[Bugfix]Fix the hang issue of multimodal model when running with DP>1 (#4392)

### What this PR does / why we need it? When cudagraph_mode is set to FULL_DECODE_ONLY, if dp > 1, the dummy-run process will be triggered. When calling the update_attn_params function, the num_tokens parameter needs to be passed, and this value is obtained through positions.shape[0]. However, the multimodal model uses mRope (multi-dimensional rotary positional embeddings), which causes the shape of positions to be 2. As a result, the value obtained from positions.shape[0] is incorrect. We solve this problem by replacing positions.shape[0] with num_tokens. ### Does this PR introduce _any_ user-facing change? NO ### How was this patch tested? vLLM version: v0.11.0rc3 vLLM main: https://github.com/vllm-project/vllm/commit/v0.11.0 - vLLM version: v0.11.0 - vLLM main: 2918c1b49c --------- Signed-off-by: wujinyuan1 <wjy9595@qq.com> Co-authored-by: wujinyuan1 <wjy9595@qq.com>
2025-11-25 09:33:49 +08:00
parent 84eae97f27
commit 06f6cc1c81
1 changed files with 2 additions and 3 deletions
--- a/vllm_ascend/worker/model_runner_v1.py
+++ b/vllm_ascend/worker/model_runner_v1.py
@@ -2810,8 +2810,7 @@ class NPUModelRunner(LoRAModelRunnerMixin):
                else:
                    # FIXME: Try using `auto_dispatch_capture=True`
                    update_mla_attn_params(self.update_stream, forward_context,
-                                           positions.shape[0],
-                                           self.speculative_config)

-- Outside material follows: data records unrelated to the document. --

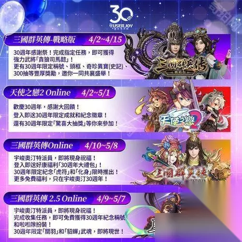 30 周年活动开跑 精彩可期! 宇峻奥汀欢庆 30 周年,为感谢玩家长年的支持,官方精心策划全年庆典,集结旗下经典游戏,推出一系列惊喜联动、福利活动、限定道具等精彩内容。庆祝活动接连登场,诚挚邀请旧雨新知共襄盛举,一同让快乐延续!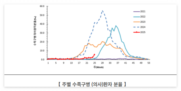 질병관리청에 따르면 2025년 6월 셋째 주(6.15.~6.21.) 기준 수족구병 의사환자 분율은 다음과 같습니다.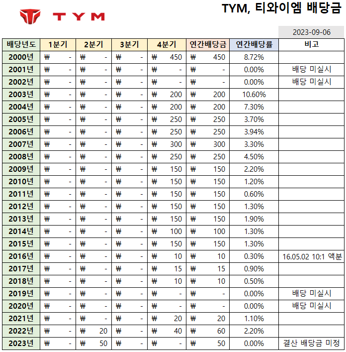 TYM, 티와이엠은 반기, 결산배당을 실시하며,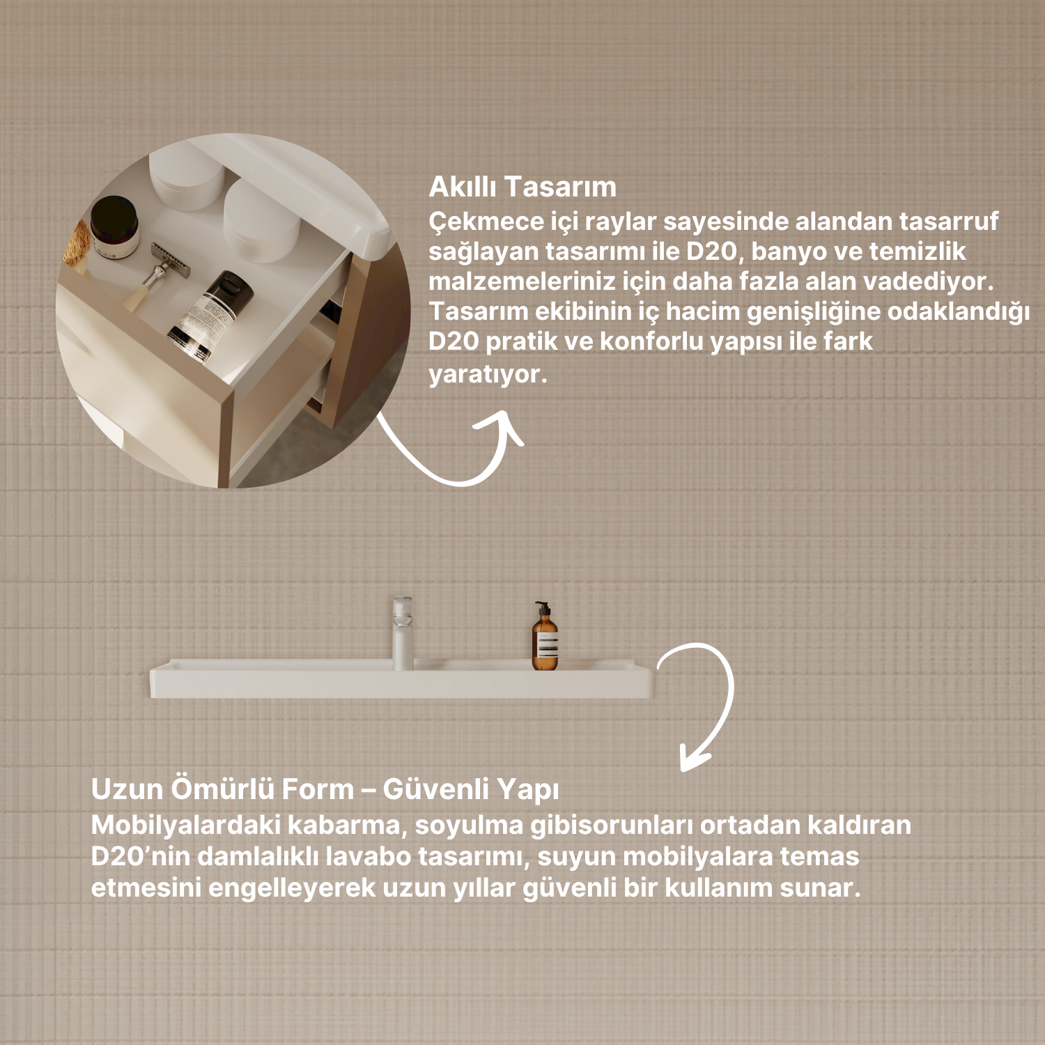 D20 setleri farklı renk ve boyut seçenekleri ile banyolara özgürlük sunuyor. Yalın ve derinlikli tasarım dili ile banyoda ferah bir atmosfer yaratan D20, geniş saklama alanlarıyla daha düzenli bir mekan kurgusu vadediyor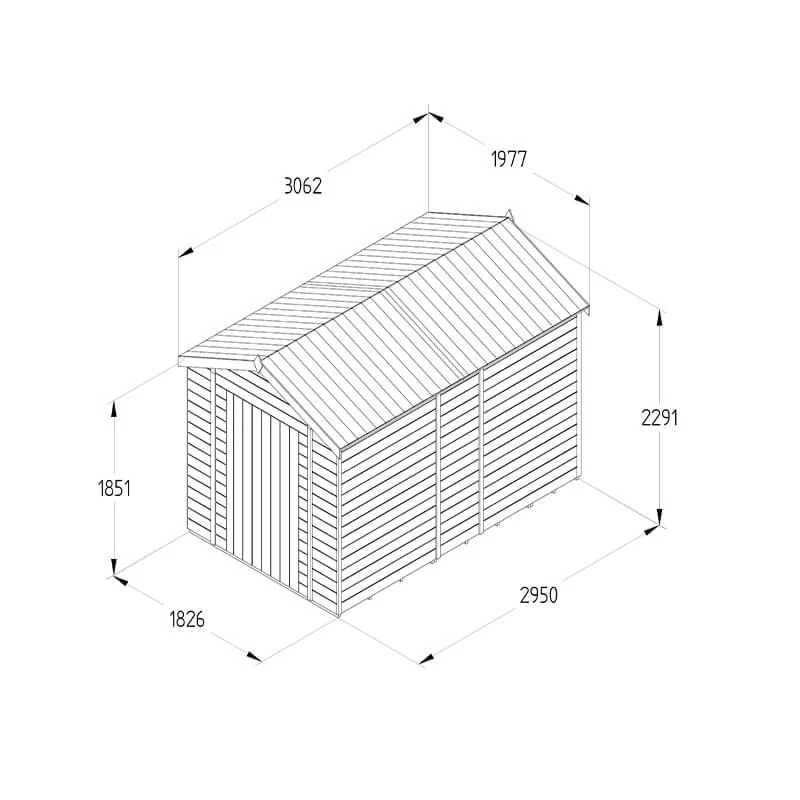 Forest is Britain’s leading manufacturer of wooden sheds and Timberdale is their premier line. It should be your go-to range of sheds when only the best will do. Beautifully handcrafted in the heart of Worcestershire and supplied with a market-leading 25-year anti-rot guarantee, this 10×6 Timberdale Windowless Apex Shed (3.06m x 1.98m) makes an excellent choice if you require secure, general-purpose garden storage.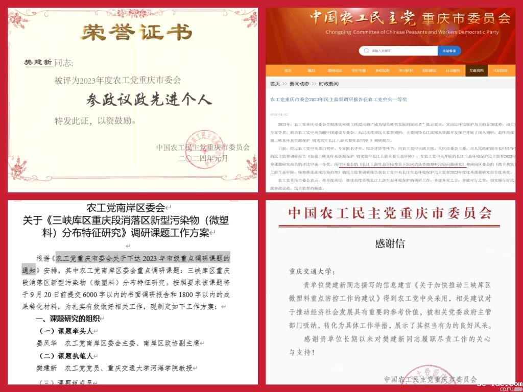 樊建新老师是河海学院校级课程思政示范课程《环境土壤学》、重庆市研究生案例库建设课程《土壤与地下水污染修复》等的主讲教师,近年累计指导硕士研究生16名,主持国家自然科学基金2项、省部级项目8项。樊老师不仅在教学科研育人等工作中表现突出,同时切实履行身为中国农工民主党党员的职责和使命,参政议政意识强烈,为农工党的建设积极贡献智慧和才干。2022年,被评为南岸区优秀农工党员。2023年,被评为农工党重庆市委参政议政先进个人,获农工党中央长江生态环境保护民主监督2023年度优秀课题研究报告优秀奖。今年上半年,其撰写的信息建言《关于加快推动三峡库区微塑料重点防控工作的建议》被农工党中央采用,受到农工党重庆市委员会的大力感谢。

+                                           num_tokens, self.speculative_config)
            else:
                if self.pcp_size * self.dcp_size > 1:
                    update_attn_dcp_pcp_params(self.update_stream,
@@ -2819,7 +2818,7 @@ class NPUModelRunner(LoRAModelRunnerMixin):
                                               positions.shape[0])
                else:
                    update_attn_params(self.update_stream, forward_context,
-                                       positions.shape[0])
+                                       num_tokens)

        if self.drafter and self.drafter.name == SpecDcodeType.EAGLE3:
            hidden_states, _ = hidden_states